In the material below, find the line with "现货 日本带回海绵宝宝派大星限定A4多层文件夹 票据夹封口夹" and the line with "독립기념관(관장 이준식)은 코로나19로", then output both and every line between them exactly, omitting pictures.

◆ **SUPPLIED DATA**
□ □ □ □ □

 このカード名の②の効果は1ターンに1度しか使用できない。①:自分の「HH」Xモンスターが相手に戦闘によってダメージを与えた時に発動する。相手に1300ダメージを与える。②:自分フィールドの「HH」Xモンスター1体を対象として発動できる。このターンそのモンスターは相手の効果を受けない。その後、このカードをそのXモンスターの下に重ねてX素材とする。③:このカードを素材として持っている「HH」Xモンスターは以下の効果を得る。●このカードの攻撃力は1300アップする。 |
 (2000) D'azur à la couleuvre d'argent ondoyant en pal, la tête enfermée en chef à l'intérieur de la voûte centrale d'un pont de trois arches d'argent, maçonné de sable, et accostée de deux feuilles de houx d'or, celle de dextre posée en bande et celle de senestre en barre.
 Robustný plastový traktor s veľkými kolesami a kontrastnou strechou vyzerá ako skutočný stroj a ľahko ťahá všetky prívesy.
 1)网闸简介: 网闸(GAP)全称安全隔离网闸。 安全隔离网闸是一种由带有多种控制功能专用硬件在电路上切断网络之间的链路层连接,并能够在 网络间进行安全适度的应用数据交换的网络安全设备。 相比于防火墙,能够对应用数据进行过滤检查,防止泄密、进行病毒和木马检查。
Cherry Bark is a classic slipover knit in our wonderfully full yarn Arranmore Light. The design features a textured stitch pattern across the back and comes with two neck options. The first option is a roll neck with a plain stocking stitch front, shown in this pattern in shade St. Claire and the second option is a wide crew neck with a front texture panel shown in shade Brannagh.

□ □ □ □ □

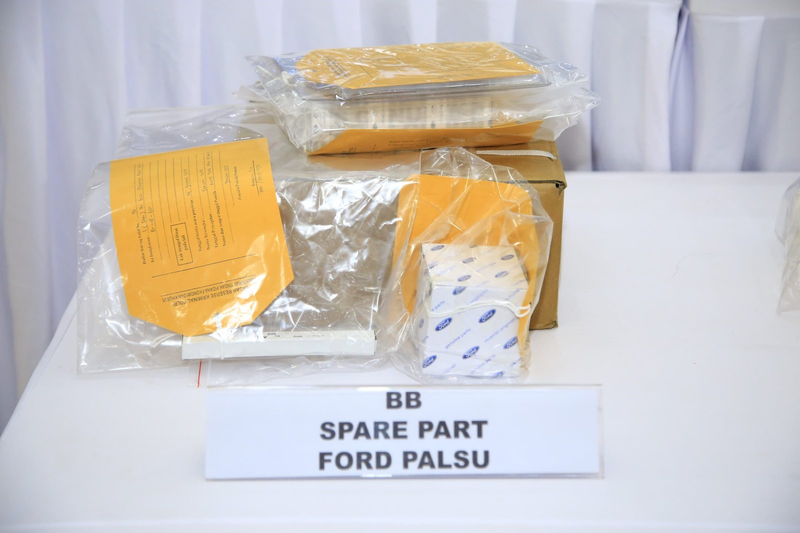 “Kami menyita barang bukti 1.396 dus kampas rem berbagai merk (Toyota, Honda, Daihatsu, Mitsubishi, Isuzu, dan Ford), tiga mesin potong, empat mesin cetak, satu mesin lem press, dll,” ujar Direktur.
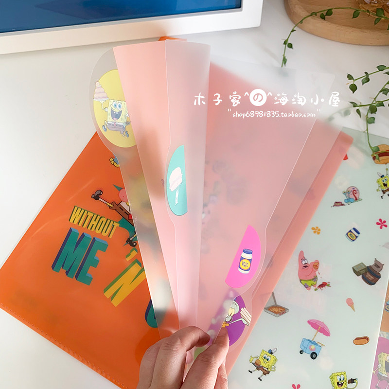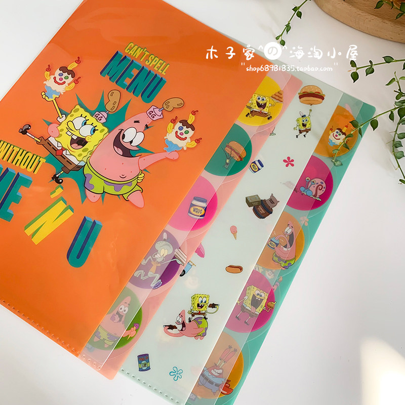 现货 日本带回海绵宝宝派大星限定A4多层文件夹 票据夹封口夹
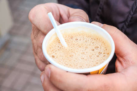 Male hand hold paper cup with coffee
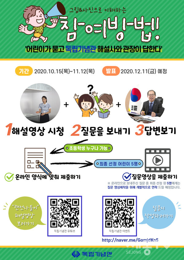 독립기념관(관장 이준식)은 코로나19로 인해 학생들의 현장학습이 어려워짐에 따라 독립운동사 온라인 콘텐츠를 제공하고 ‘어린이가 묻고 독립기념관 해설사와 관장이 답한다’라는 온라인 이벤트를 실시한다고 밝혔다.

□ □ □ □ □

◆ **SOLVED PROBLEM**
 现货 日本带回海绵宝宝派大星限定A4多层文件夹 票据夹封口夹
 Male hand hold paper cup with coffee
 독립기념관(관장 이준식)은 코로나19로 인해 학생들의 현장학습이 어려워짐에 따라 독립운동사 온라인 콘텐츠를 제공하고 ‘어린이가 묻고 독립기념관 해설사와 관장이 답한다’라는 온라인 이벤트를 실시한다고 밝혔다.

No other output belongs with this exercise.